On June 30, 1994, Polin moved to proceed in forma pauperis, stating that he had inadequate funds to effect service. On July 22, 1994, the district court denied the motion for failure to show sufficient indigence, and directed Polin to show cause no later than August 12, 1994 why the action should not be dismissed for failure to effect service of process. On August 9, 1994, Polin appealed from the district court's July 22nd order denying him in forma pauperis status and ordering him to show cause why the action should not be dismissed. On September 28, 1994, this Court dismissed Polin's appeal due to his failure either to pay the docketing fee or to move for leave to proceed in forma pauperis.

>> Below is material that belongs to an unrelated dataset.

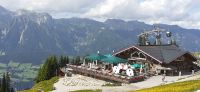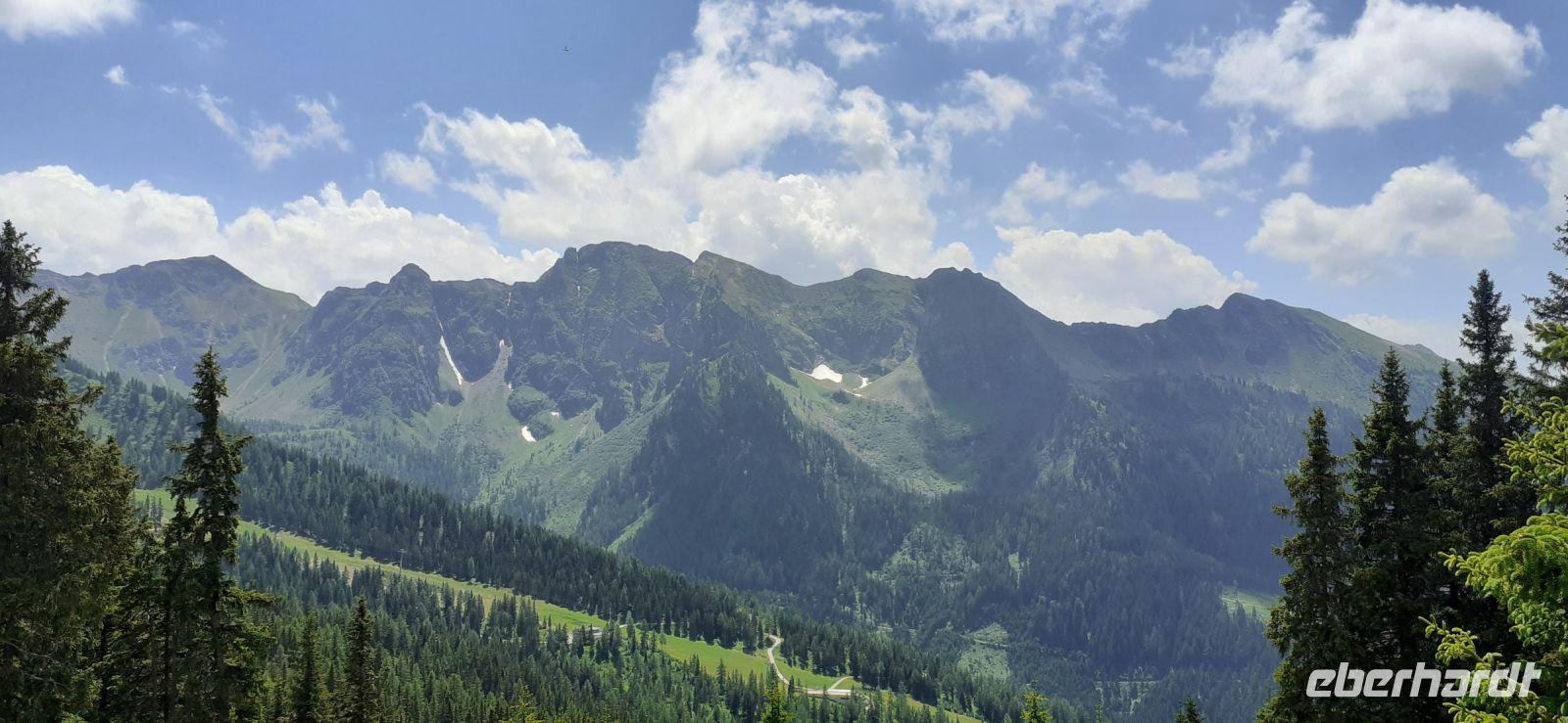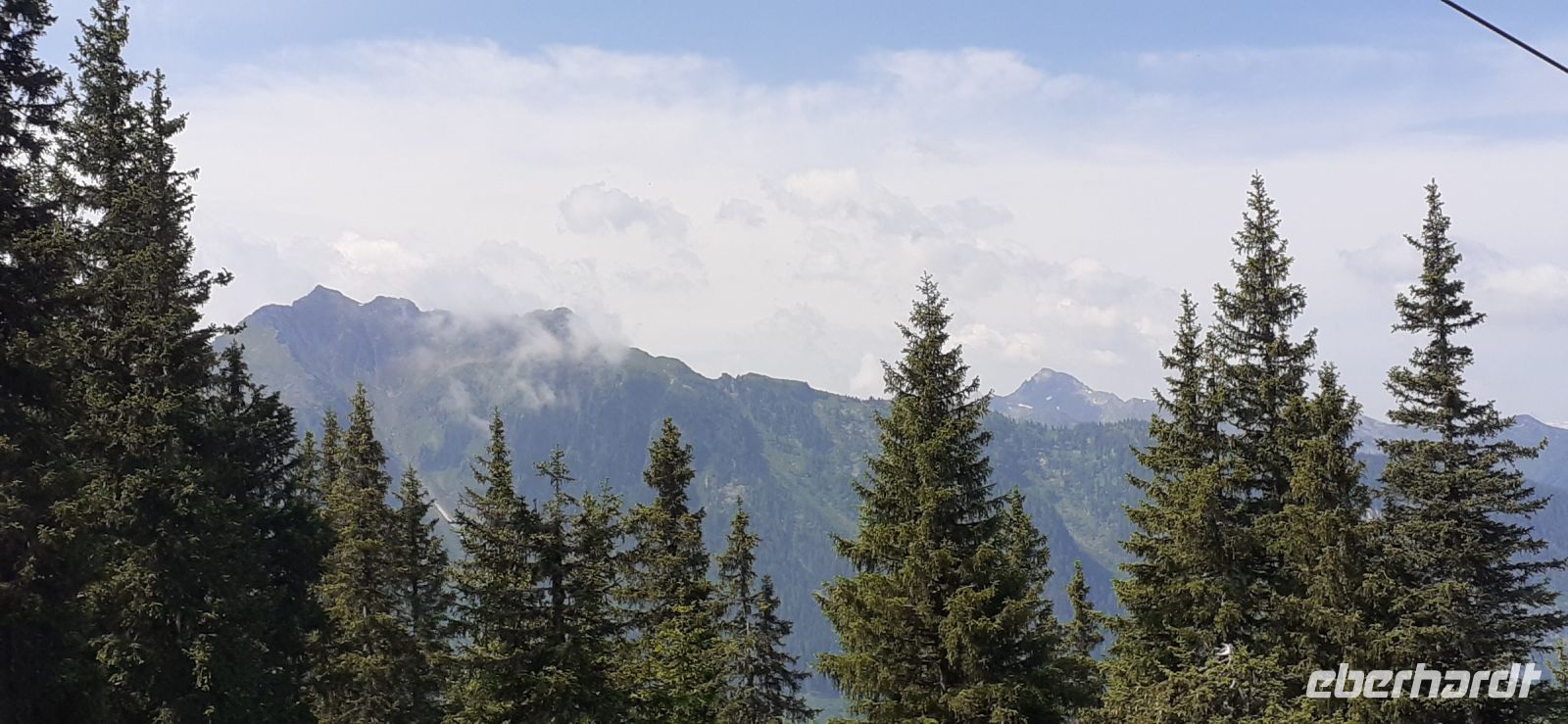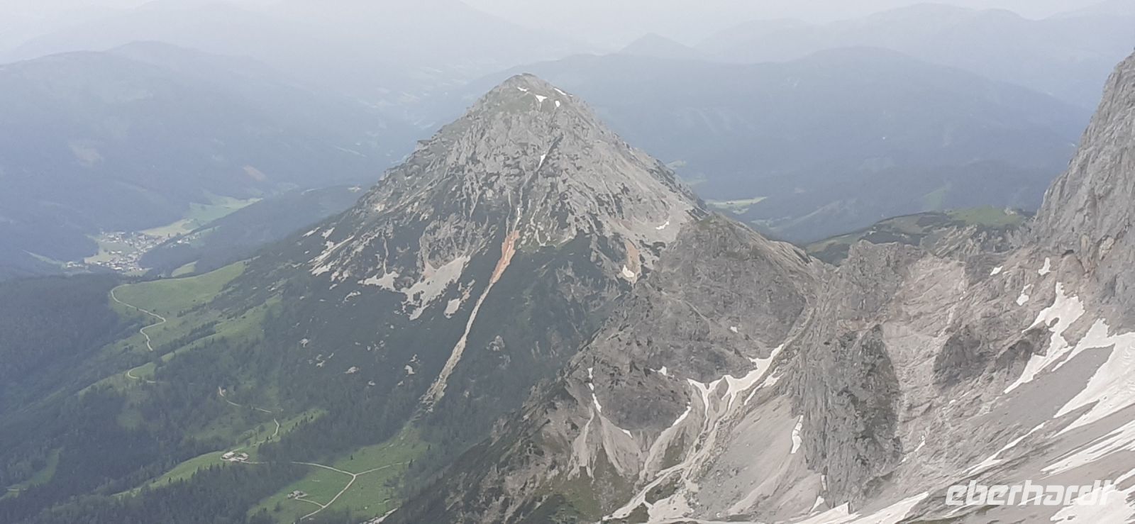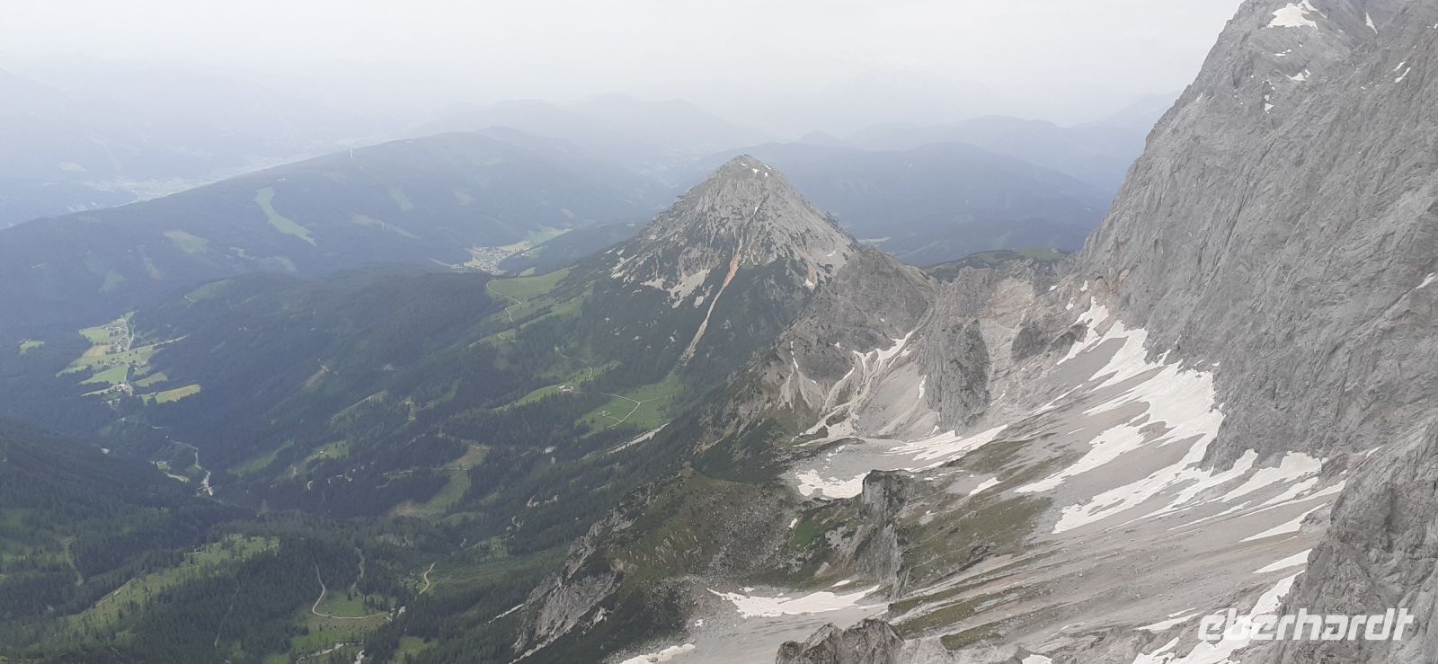 Die Ursprungalm war unser Ziel. Da wir nicht mit unserem Bus hinauf fahren durften stiegen wir in den Shuttelbus um der uns übe die Kurvenreiche Straße zur Ursprungalm in 1610m brachte. Uns erwartete wunder schöne Natur und Landschaft mit blühenden Wiesen und weidenten Kühen. Kein Wunder das dort in der 1968 ein Heidifilm gedreht wurde. Leider durfte er nie gezeigt werden den die Schweizer pochten auf ihre Rechte. Auf einem schönen Rundweg wanderten wir wieder zur Alm immer mit dem Blick auf die Hohen Tauern. Auf der Terrasse der Alm kehrten wir ein und ließen uns die Köstlichkeiten munden. Nach einem weiteren Spaziergang brachte uns der Bus wieder zur Planai Talstation. Spontan haben wir uns entschieden noch einmal auf die Planai zu fahren. Blauer Himmel und Sonnenschein und fast keine Wolken lockten uns nach oben. Wir wurden belohnt mit einem Blick in die Region. Das Dachsteinmassiv ohne Wolken. Was wollten wir mehr.

On April 12, 1995, the district court dismissed the action for failure to prosecute, stating that it had not received any submissions in the case since this Court had denied Polin's appeal over six months earlier. Judgment was entered on April 17, 1995. On November 6, 1995, the district court received a letter from Polin stating that Polin had sent the court a motion to amend the judgment and that the court never had acknowledged receiving the motion. Polin also stated in the letter that he had received the April 12, 1995 order dismissing the complaint on May 11, 1995, almost one month later. Polin argued that the judgment should be vacated because these incidents showed that the court proceedings were being manipulated, resulting in "fraud upon the court." On November 14, 1995, the district court denied the motion to vacate the judgment. On December 18, 1995, Polin appealed from the district court's November 14th order.
On appeal, Polin argues that the district court erred in denying the motion to vacate the judgment. We reject this contention. Under Fed.R.Civ.P. 60(b), a court may relieve a party from judgment upon a showing of fraud. We review a district court's denial of a Rule 60(b) motion for abuse of discretion. Maduakolam v. Columbia Univ., 866 F.2d 53, 55 (2d Cir.1989).
In the present case, the district judge properly exercised his discretion in denying the motion, finding "that there is no reason why I should vacate the prior order of the court" dismissing the action under Fed.R.Civ.P. 41(b). Although Polin argues that there was "fraud upon the court," Polin has not shown evidence of any such "fraud which seriously affects the integrity of the normal process of adjudication." See Gleason v. Jandrucko, 860 F.2d 556, 559 (2d Cir.1988). Moreover, under Rule 41(b), a district court may, in its discretion, sua sponte dismiss an action for failure to prosecute. Minnette v. Time Warner, 997 F.2d 1023, 1027 (2d Cir.1993). In light of the record in this case, dismissal of the action by the district court was warranted. Polin waited four months after his complaint was filed before moving to proceed in forma pauperis, in an attempt to obtain service through the United States Marshal Service. After this Court, on September 28, 1994, dismissed his appeal from the district court's denial of his motion to proceed in forma pauperis, Polin failed to serve the defendants or to take any other action for six months. Accordingly, the district court properly exercised its discretion in denying Polin's motion to vacate the judgment.